[Stored records]
/---
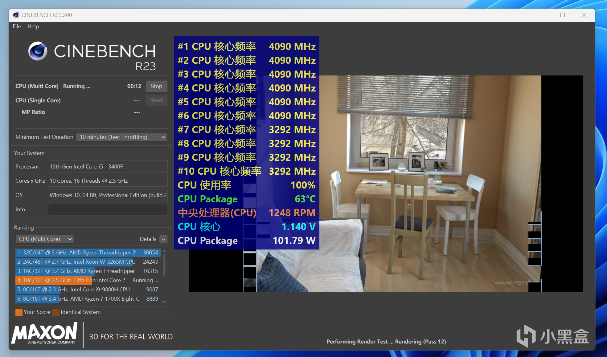 CINEBENCH R23十分钟多核循环项目,酷睿i5 13400F核心频率稳定大核4.1GHz+小核3.3GHz,CPU Package温度为63℃,CPU Package功耗101W
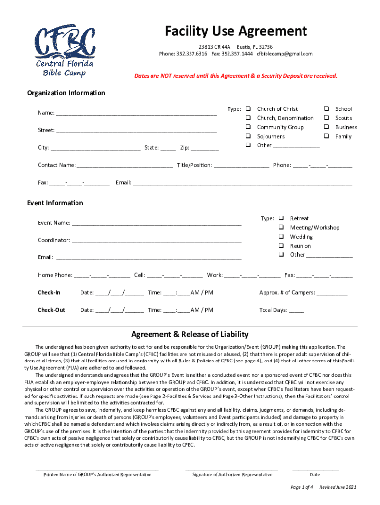 Facility Use Agreement 23813 CR 44A Eustis, FL 32736 Phone: 352.357.6316 Fax: 352.357.1444 cfbiblecamp×Gmail.competes are NOT reserved until this Agreement & a Security Deposit are received. Organization
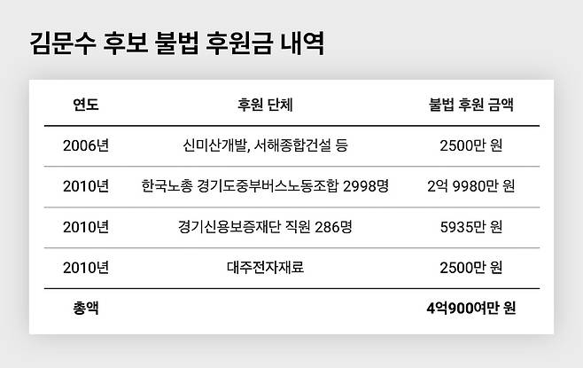 앞서 뉴스타파는 김 후보가 과거 ▲경기신용보증재단 직원 286명으로부터 5935만 원 ▲신미산개발 등으로부터 2500만 원 ▲한국노총 경기도중부버스노동조합 2998명로부터 약 3억 원의 불법 후원을 받은 사실을 보도했다.
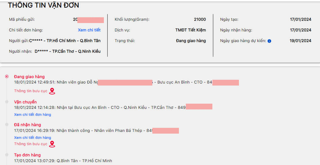 Tại giao diện thông tin vận đơn sau khi hoàn thành việc tra cứu, khách hàng sẽ biết được đơn hàng của mình đang ở trạng thái nào. Trong đó:
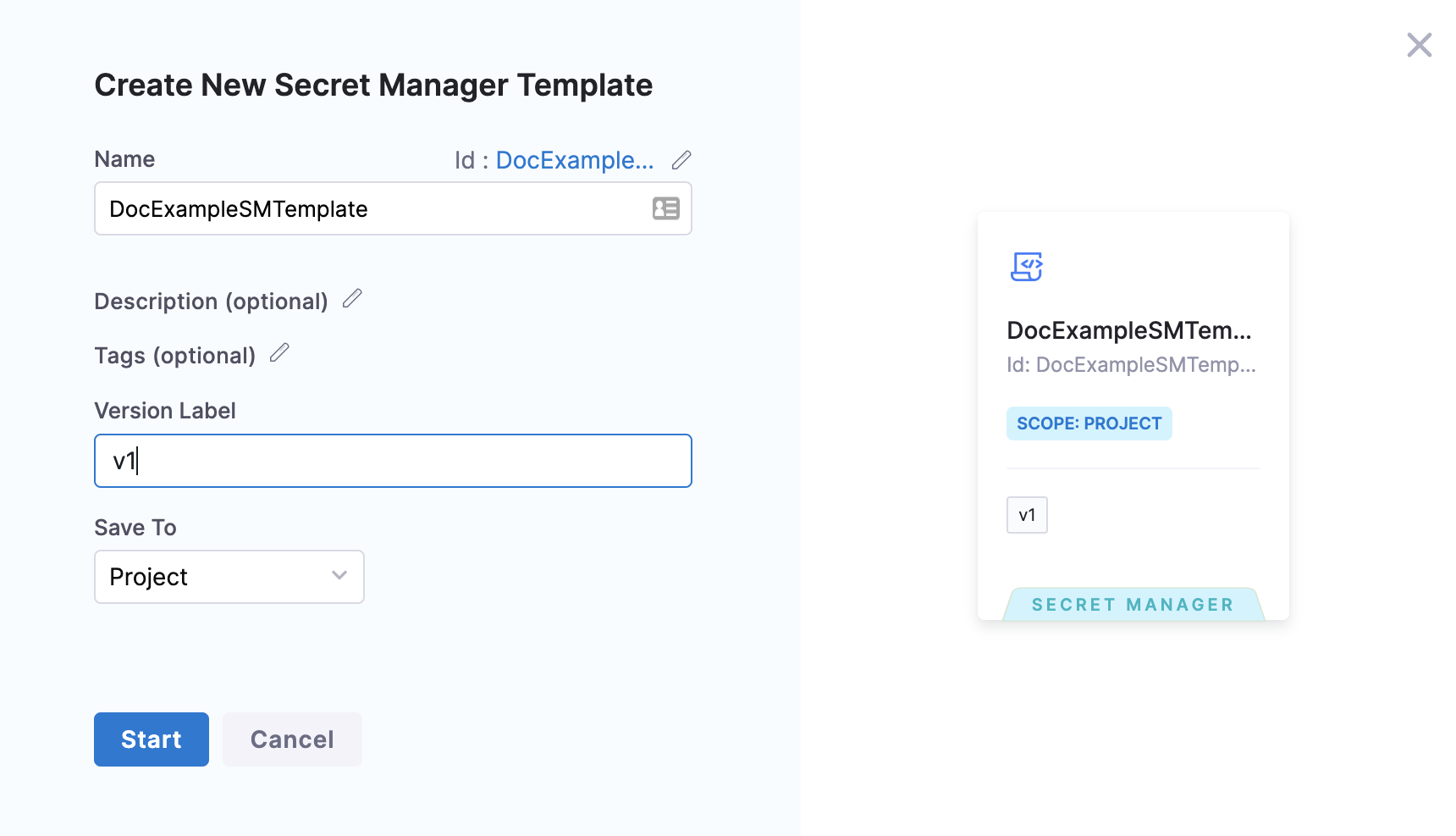 You can create a secret manager template in the account, org, or project scope.​ This topic shows you how to create a secret manager template at the project scope.​
\---
# What you should do
All lines from the one containing "Tại giao diện" through the final line of the records are to be retyped exactly; no other lines and no pictures are to be included.

# Problem solution
 Tại giao diện thông tin vận đơn sau khi hoàn thành việc tra cứu, khách hàng sẽ biết được đơn hàng của mình đang ở trạng thái nào. Trong đó:
 You can create a secret manager template in the account, org, or project scope.​ This topic shows you how to create a secret manager template at the project scope.​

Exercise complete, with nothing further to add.